Ушел. Назавтра повелел на месте поруба, на отчем, Брячиславовом, подворье поставить храм. И золото дал. Немало. И застучали топоры. В тот же день прибыл из Полтеска гонец, поведал: Альдона разродилась сыном. А из Печеры донесли, мол, Феодосий на ектении первым назвал Дмитрия, а вслед за ним Феодора, то бишь тебя, Всеслава, и вам обоим пели «Многолетие». Пусть так! Киев-то смирен был и сыт.

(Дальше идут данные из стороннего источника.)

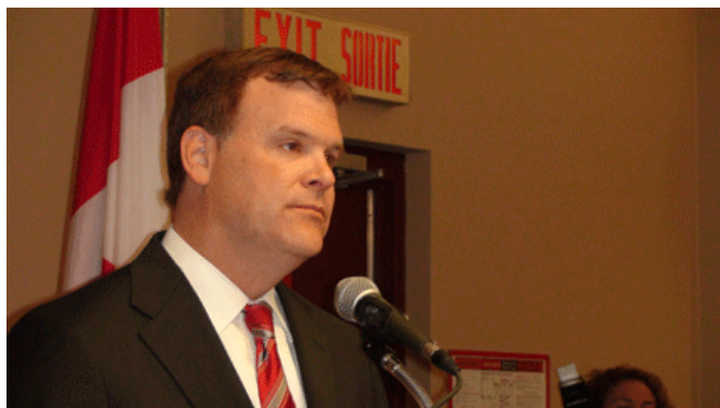
FOREIGN AFFAIRS MINISTER JOHN BAIRD

В Переяславле крикнули посадника, и ты, Всеслав, то похвалил, принял грамоты, хоть говорили, что надо бы Давыда посылать в Переяславль, потому и был бы сей удел под вашею рукой, под Рогволожьею. Смолчал. Переяславль прислал дань. И Туров, и Смоленск, и Псков. А Новгород не слал, на вече прокричали: «Отцы и деды наши Полтеску не кланялись и дани не давали, и мы хотим жить, как отцы и деды наши! И ничего не дадим!» В Чернигов ушел посол и по сей день не возвращается. И на Волынь посол ушел и тоже словно сгинул. Коснячко же отъехал к ляхам, к Изяславу. Отъехал сам, никто его не посылал. Перед отъездом он пришел к тебе, сказал:
— Князь, отпусти. Зачем я тебе здесь? И кто я, князь?

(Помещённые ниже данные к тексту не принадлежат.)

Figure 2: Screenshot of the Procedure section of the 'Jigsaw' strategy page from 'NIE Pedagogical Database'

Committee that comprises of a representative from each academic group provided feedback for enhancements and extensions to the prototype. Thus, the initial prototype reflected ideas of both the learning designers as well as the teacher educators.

И то: есть тысяцкий Истома, на вече выкрикнутый, и это он, Истома, привел тогда людей на Выдубичский брод. А кто Коснячко? Бит на Льте, бежал и затворился у себя, сидел кротом, молчал и в терем не являлся… Он и сейчас вон смотрит как! Зверь зверем. Ты улыбнулся и спросил:
— А отчего ты вдруг? Совсем невмоготу?
— Совсем, — кивнул Коснячко. — Погибель чую, вот и ухожу.
— Свою погибель?
— Нет. Твою.
— Ну, это еще как сказать!
— И говорить тут нечего.
— Не каркай!
— Когда бы каркал, был бы вороном, а был бы вороном — не уходил, а дожидался б мертвечины. Чтоб поклевать!
Вот такая была в тот день беседа! Еще он, бывший тысяцкий, сказал:
— Ты — князь, Всеслав, по стати, по крови, храбр ты, мудр, крепок на рать. Но… не Великий князь, а так… На торков шел — не дошел, на Ршу пришел — не перешел. А нынче вовсе сидишь. А кто бездействует, тому не усидеть. Вот потому-то я ухожу.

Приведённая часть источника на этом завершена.